Siang itu terasa sangat singkat. Gubuk di ladang itulah tempat mereka saling mencurahkan perasaan atau curhat. Ketika kelompok mereka sedang tidak ada di pondok, berarti mereka pasti berada di gubuk tersebut. Siang dan malam sama saja bagi mereka tidak ada bedanya. Kalau lagi frustasi dan stress dengan keadaan dan beban, mereka pasti akan mengunjungi gubuk tersebut dan di sanalah mereka melepaskannya semua. Sehingga gubuk ini mereka namakan dengan “gubuk geregetan”. Penamaan ini tidak terlepas dari banyaknya topik masalah cinta yang sering dibicarakan di sini.

Setelah azan Ashar, mereka kembali menuju ke pondok yang berjarak sekitar satu kilometer melalui jalur selokan yang airnya sangat bersih dan jernih. Di tengah perjalanan menuju pondok, Nurullah kembali bertanya tentang keseriusan mereka untuk mencarikan pujaan hati untuknya.

“Oke Lah, kami siap mencarikan kekasih untukmu. Besok kita gotong royong dekat jalan, pantau aja satu kadang ada yang pas. Kalau tidak berhasil, lebaran puasa pun sudah dekat nanti kita carikan dan langsung akad. Pokoknya tenang lah” Halim mencoba meyakinkan Nurullah.

“Iya Lah, gampang tu ngak usah dibawa beban pikiran dan perasaan” celetuk Rahmat.

“Adik Yasir juga ada Lah, ngapain susah-susah” sambung Samsul sambil mencoba menghindar jauh dari Yasir.

“yayayaya, kalau sudah buntu semuanya pasti kenak aku” sahut Yasir dengan nada agak kesal.

“ngak da Sir, cuma canda” jawab Samsul polos agar tidak emosi lagi.

“canda ya canda sih, tapi jangan begitu juga lah” sahut Yasir dengan cuek.

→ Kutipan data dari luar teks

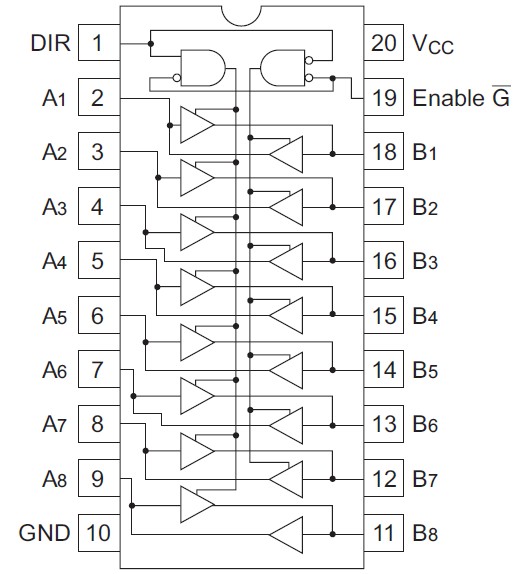 The HD74HC245R is an octal Bus Transceiver with 3-state outputs. The HD74HC245R has an active low enable input G and a direction control input (DIR). When DIR is high, data flows from the A inputs to the B outputs. When DIR is low, data flows from the B inputs to the A outputs. The HD74HC245R transfers true data from one bus to the other. This device does not have schmitt trigger inputs.
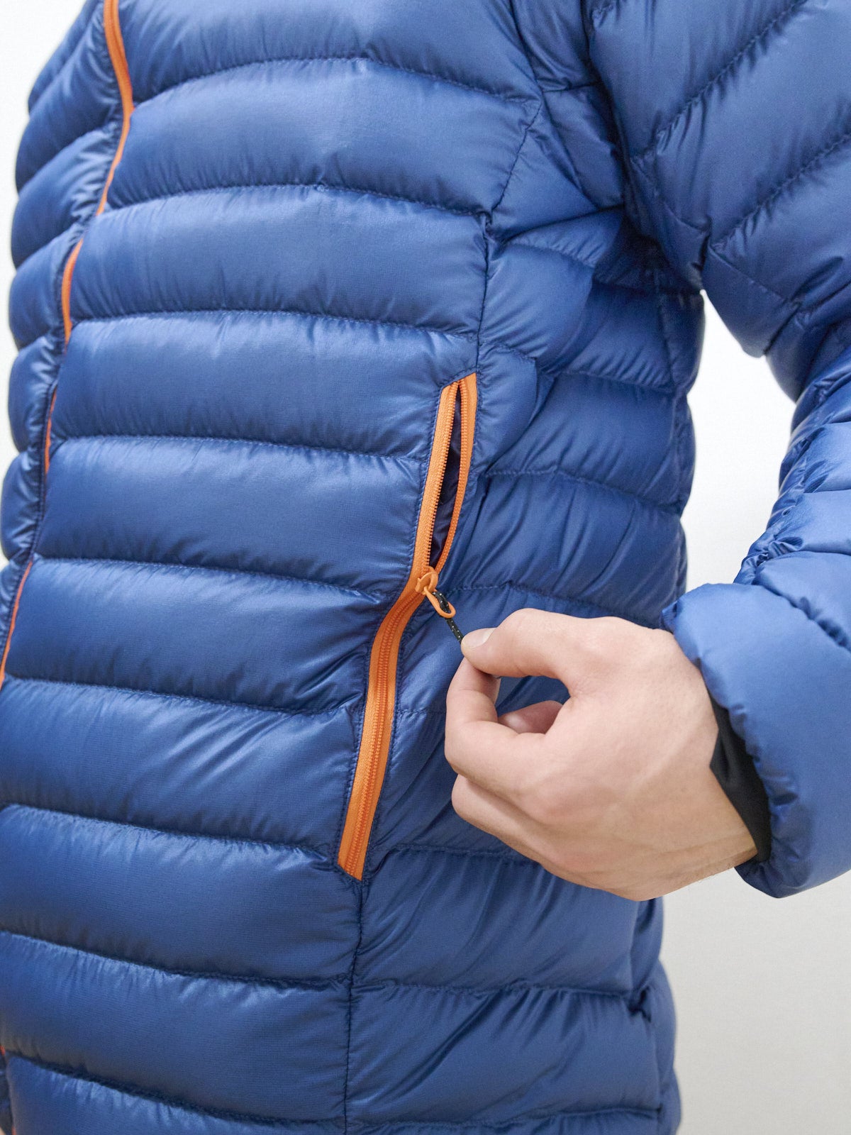 幅細めのキルティングとツヤのある生地がアクティブなムード満点のジップアップジャケット。中わたに撥水加工が施された900フィルパワーのダウンを封入しており、水濡れしてもかさ高が失われにくく、保温性をキープ。首周りを保温するスタンドカラーはジャケットやアウターとも相性が良く、中間着としても活躍する。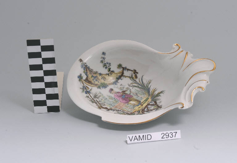- NOTIZIE STORICO CRITICHE La ciotola (un probabile portadolci) si accompagna ad un'altro manufatto analogo, anch'esso di gusto cinese (n. inv. 2936). Le decorazioni dei due contenitori, eseguite a decalcomania, richiamano le cineserie francesi della prima metà del Settecento: allo stile rococò si rifà esplicitamente anche la forma del recipiente, evocativa di una valva di conchiglia. \nLo stabilimento Verbano di Laveno, costruito nel 1924 per la fabbricazione di isolatori in porcellana sulla base di un'intesa con la Porzellanfabrik Rosenthal di Selb (Baviera), iniziò la produzione di porcellana da tavola nel 1931: tale produzione cessò nel 1966.\nIl decoro risulta presente nei cataloghi dello stabilimento Verbano della Società Ceramica Italiana con numero 1511 (Busta 85, fascicolo 2).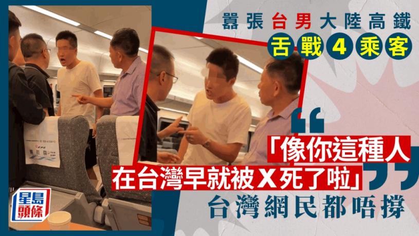 影音社交平台TikTok近日廣傳一段影片,當中一名操著台灣口音的男子在大陸高鐵上,與其他人發生口角。其中白T恤男叫囂「像你這種人在台灣早就被X死了啦」,自爆自己是台灣人。男子被質疑後情緒激動:「台灣的怎麼了?台灣的怎麼了」。影片曝光後被轉至台灣知名討論區Dcard後,網民紛紛大表無奈,怒批該台男「太丟台灣的臉」,不過TikTok的網民卻疑似講反話表示「帥翻了啦」。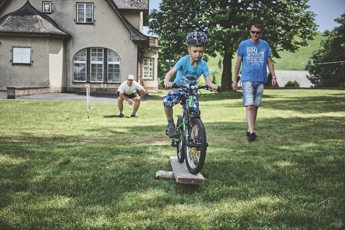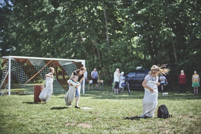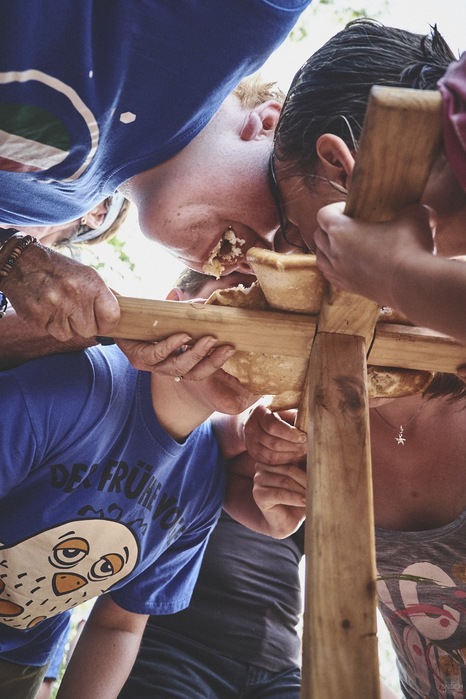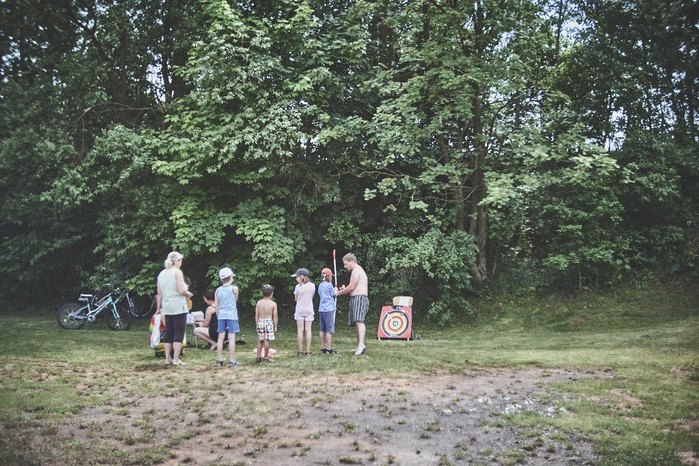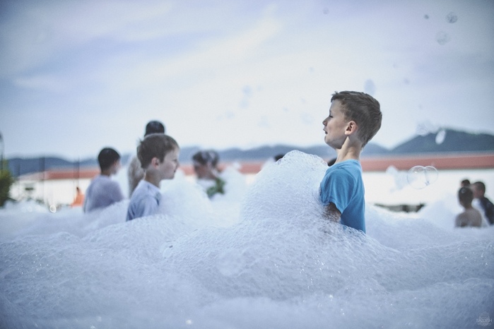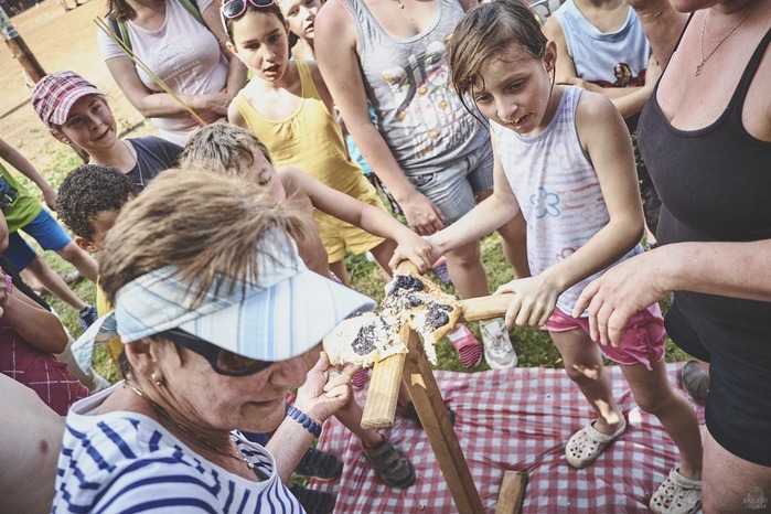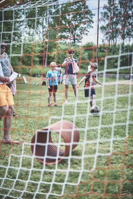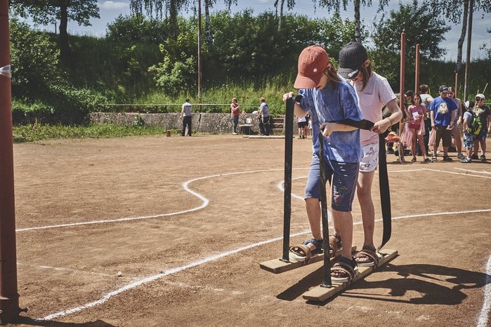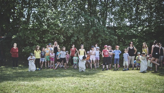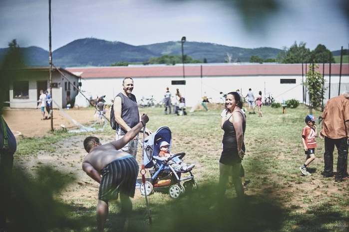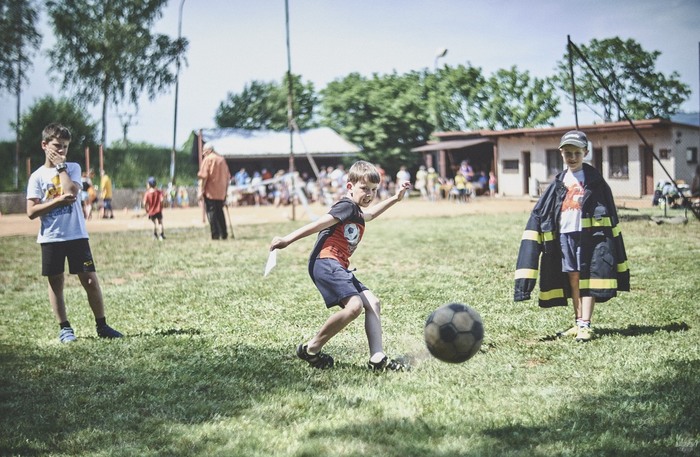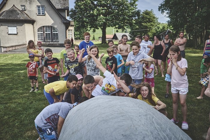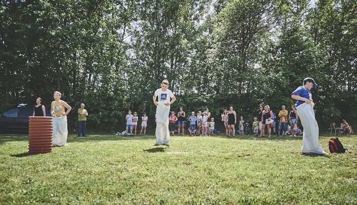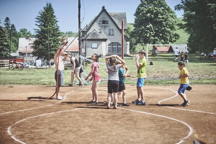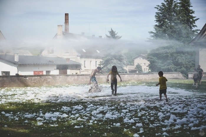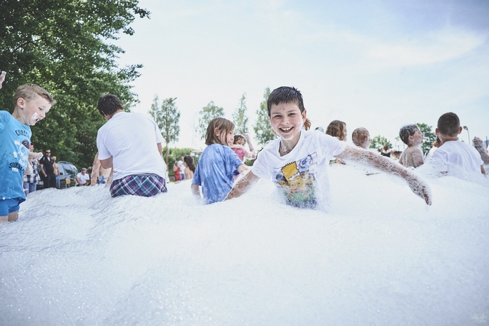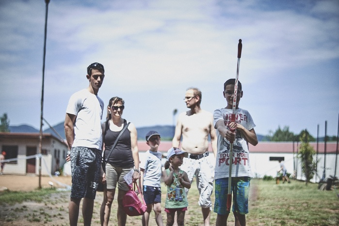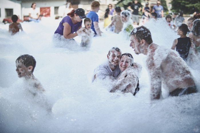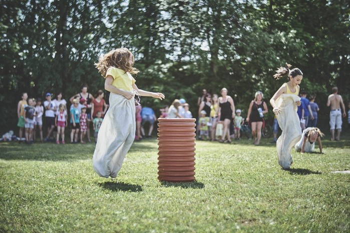 V čem mohly děti soutěžit? Inu, když něco funguje, tak proč to nějak obšírně měnit. Takže akce se neobešla bez letitých atrakcí jako je trefování plastových soudků a klauna, lovení rybiček, slalomu na lyžích pro dva, střílení ze vzduchovky, stříkání ze džberovky, skládání pexesa nebo slalomu s floorbalovou hokejkou mezi kuželkami. Jako minulý rok se opakovala úspěšně překážková dráha BESIP pro koloběžky, kola a odstrkovadla. Letos se ale děti tak dobře nepřipravily a nedovedly si své vlastní dopravní prostředky. I přesto všechny nějakým způsobem dráhu dokázaly absolvovat. Také se střílelo z luku, což je dlouhodobě jedna z nejoblíbenějších akvizic našeho ansáblu. Pila se dlouhými brky malinovka ve dvojicích a děti si mohly použitá dlouhá brka nechat, ale jejich neskladnost stejně vedla k tomu, že jich spousta skončila v koších na odpadky. Přes počáteční upejpání se nakonec děti odhodlaly i k účastem na tradičním prožírání se koláčem. Letos mile překvapilo, že u skákání v pytlích ve trojicích hojně zastupovali své ratolesti i tatínci a řekl bych podle vlastního pozorování, že se jim to velice líbilo. Možná bychom měli oprášit letitý nápad uspořádat v USA velice populární Den otců, který se pravidelně slaví v červnovém měsíci a otcové soutěží ve dvojicích se svými dětmi. Děti pomalu unavovalo slunce natolik, že ty menší už pomalu usínaly. Něco málo zpravilo kropení antuky, které děti využívaly hojně ke svému ochlazení a bavilo je běhat pod krůpějemi vody z hadice. Vrchol celé akce ale byl, když hasiči úspěšně natočili dětem pěnu a děti si ji užily tak jako nikdy. Poté se rády nechaly zkropit z vodního děla, až vzniklo na louce docela slušný bahýnko a některá čuňátka se v něm ráda porochtala. Naštěstí poblíž stáli rodiče, které je včas zarazili a pak začal koloběh oplachování a sušení.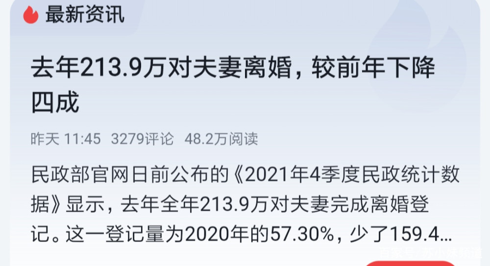 民政部官网日前公布的《2021年4季度民政统计数据》显示,去年全年213.9万对夫妻完成离婚登记。这一登记量为2020年(373.3万对)的57.30%,少了159.4万对。 数据显示,更早前的2019年,404.3万对夫妻完成离婚登记,2018年有380.1万对夫妻完成离婚登记,2017年的这项数据为369.3万对。 也就是说,仅从整体数据来看,2021年的离婚率较过去几年,有明显下降趋势。 这个数据,让很多网友感到意外。 因为如今,许多90后,00后不愿走入婚姻,这已成一种趋势,而离婚率年年攀升,也是不争的事实。 许多网友认为,2021年离婚率下降,只是从数据上来看,实际上,客观来说,离婚率其实还是在上升的,只是表现得比较隐晦。 因此,众多网友自发在评论区展开讨论,分析2021年离婚率为何从数据上来说下降的原因。 总体来说,一众网友认为,最影响离婚率数据的有4个因素。 一、离婚冷静期的作用 关于2021年整体离婚率下降,也有不少地方民政部门从数据分析比对,认为是“离婚冷静期”的作用。 2021年1月1日,《中华人民共和国民法典》正式实施,离婚登记设置30日的“冷静期”。 因此,多地此前公布2021年婚姻大数据时,均将离婚登记减少的主要原因归于离婚“冷静期”的实施。 但实际上,对“离婚冷静期”,也有不少网友持不同态度。 关于这一部分,笔者认为,万事有利有弊。关键还要看它的弊端跟好处,哪个更大一些。 不管怎么说,从近几年的离婚结婚数据来看,越来越多的年轻人不愿意走入婚姻,离婚人数几乎每一年都在攀升,确实是一个事实。 但在刚刚过去的2021年,由于《民法典》离婚冷静期的实行,以及疫情的影响,房地产市场整体遇冷,离婚率的确比起过去几年有大幅度下降。 正如一位网友说的:未实行冷静期前复婚率很高,冷静期实行以后,复婚率大大减少,因为都是经过冷静思考的,基本不会复合了。 的确,离婚冷静期的实行,除了让那些冲动离婚的夫妻,经过30天的冷静思考之后,变得不那么冲动,更加理性; 另外一个作用,就是,一旦30天冷静期过后,还是坚持要离的,那也基本上是深思熟虑的考量,一旦离婚,那么后面再复婚的可能性就很小了。 二、疫情之下,男女双方各自艰难,先凑合一下,熬过这段时期再说 许多网友认为,因为过去的一年,疫情笼罩,所以,无论从男方还是女来说,离婚之后,一个人的收入不足以保证自己的生活。 所以基于此种原因,许多人选择按兵不动,静静蛰伏,等到疫情过去,自己经济状况好转,再提离婚也不迟。 不得不说,这确实是一个很现实的原因。因为即使目前婚姻不幸福,想要离婚,现在也确实不是最好的时机。 有网友甚至把离婚比喻成跳槽,认为经济不景气的时候,即使是对目前的工作不满意,大部分人仍会选择继续坚持一下,忍耐一下,等到经济环境好转了再跳槽。这话确实也不无道理。 三、结婚的人少了,所以离婚数据自然也下降了 关于离婚率下降,有部分网友认为,这几年,愿意结婚的年轻人越来越少了,所以结婚人数的下降,导致离婚人数也有所下降。 的确,由于年轻人的思想、经济越来越独立,所以对于结婚的需求,是确实有所减少。 尤其是女性,很多人觉得不结婚,自己一个人过得自在。可是如果选择结婚,婚后家务、孩子这些,再加上由于生孩子,带孩子,不能出去工作,如果再遇到一个不够体贴,不够同理心的另一半,那确实是种煎熬。 另外,从2021年相关研究机构发布的数据来看,2020年离婚的人群中,主动提出离婚诉求的,基本女性居多,占到总离婚人数的73.4%。 所以,由此看来,女性对婚姻的期望值降低,确实成为近些年,结婚率下降,离婚率有所上升的一个主要因素。 四、房地产遇冷,假离婚买房的少了 还有一种说法,也得到不少网友支持,那就是,有人认为,因为去年整体来看,房地产市场没那么火爆了,所以相较过去几年,假离婚来买房的人数减少了。 不得不说,这的确也是一个因素。 在房地产爆火的那几年,借着假离婚,换取买房名额,确实是不少夫妻离婚的一个原因。尤其在购房名额越少的城市,这样的情况可能越明显。 写在最后 整体来看,2021年离婚率下降,是由于“离婚冷静期”、疫情影响、房地产市场遇冷等诸多因素共同作用的结果。 2022年,不排除离婚率还有上升的趋势。 不过也有不少网友认为,结婚率下降,离婚率升高,这是很多发达国家都会有的现象,所以未必就是坏事。 不过对于婚姻这件事,人们如今的确越来越抱持开放的态度。 毕竟,相比较活出自我,让自己幸福而言,婚姻的重要程度的确没以前那么重要了。 ; ?. M( }! W, _- s1 `* b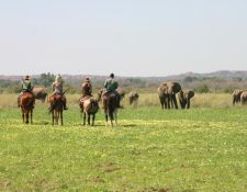 Der heutige Ritt schlängelt sich durch die wunderschönen Ebenen zwischen den Flüssen Mojali und Majele. Sie reiten durch ausgiebige Uferwälder und viele Böschungen hinauf und wieder hinunter. Dieses Gebiet ist reich an Wildtieren, bietet spektakuläre Ausblicke auf das Tal des Limpopo-Flusses und es ergeben sich unterwegs meist viele schöne Fotomotive.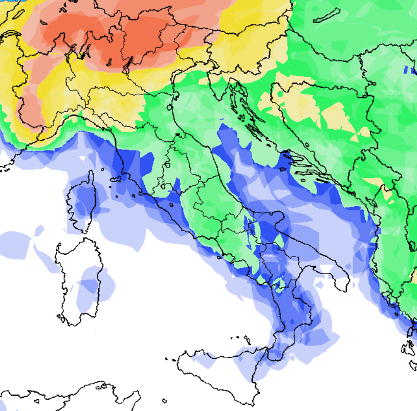 - Una probabilità media (tra il 25% e il 50%, in verde) interesserà le aree interne del Centro e alcuni settori del Meridione, qui i temporali saranno più sporadici ma non da escludere. Sulle restanti zone, indicate con il colore bianco o blu sulla cartina, la probabilità di fenomeni sarà bassa o del tutto nulla.
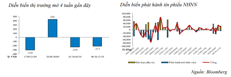 Ở chiều hướng ngược lại, trên kênh thị trường mở (OMO), NHNN không có hoạt động bơm mới, trong khi đó lượng vốn đáo hạn qua kênh này đạt 217 tỷ đồng. Như vậy, NHNN đã hút ròng 217 tỷ đồng qua kênh này.

“sorry sorry Sir” Samsul minta maaf karena kawan yang satu ini cepat naik darah dan emosi. Tetapi kalau sudah mulai ngoceh banyak kata bijak yang keluar dari mulutnya.

Tanpa terasa mereka hampir tiba di gerbang belakang pondok. “cepat kali sampai ya?” Tanya Sabri untuk meleraikan suasana yang agak memanas.

“ya maklumlah, kalau bicaranya soal cinta, yang jauh terasa dekat, yang dekat pun semakin akrab dan merapat. Hahahaha” sahut Halim seperti tanpa dosa padahal sedang mengeledek Nurullah.

“Lah, berarti ekspedisi akan kita lanjutkan beberapa hari ke depan ya. Jadi sekarang kita siap-siap untuk mandi agar tidak ada nanti yang terlambat berjamaah” Sabri menutup pembahasan special mereka. Setelah itu mereka semuanya bubar menuju kamarnya masing-masing.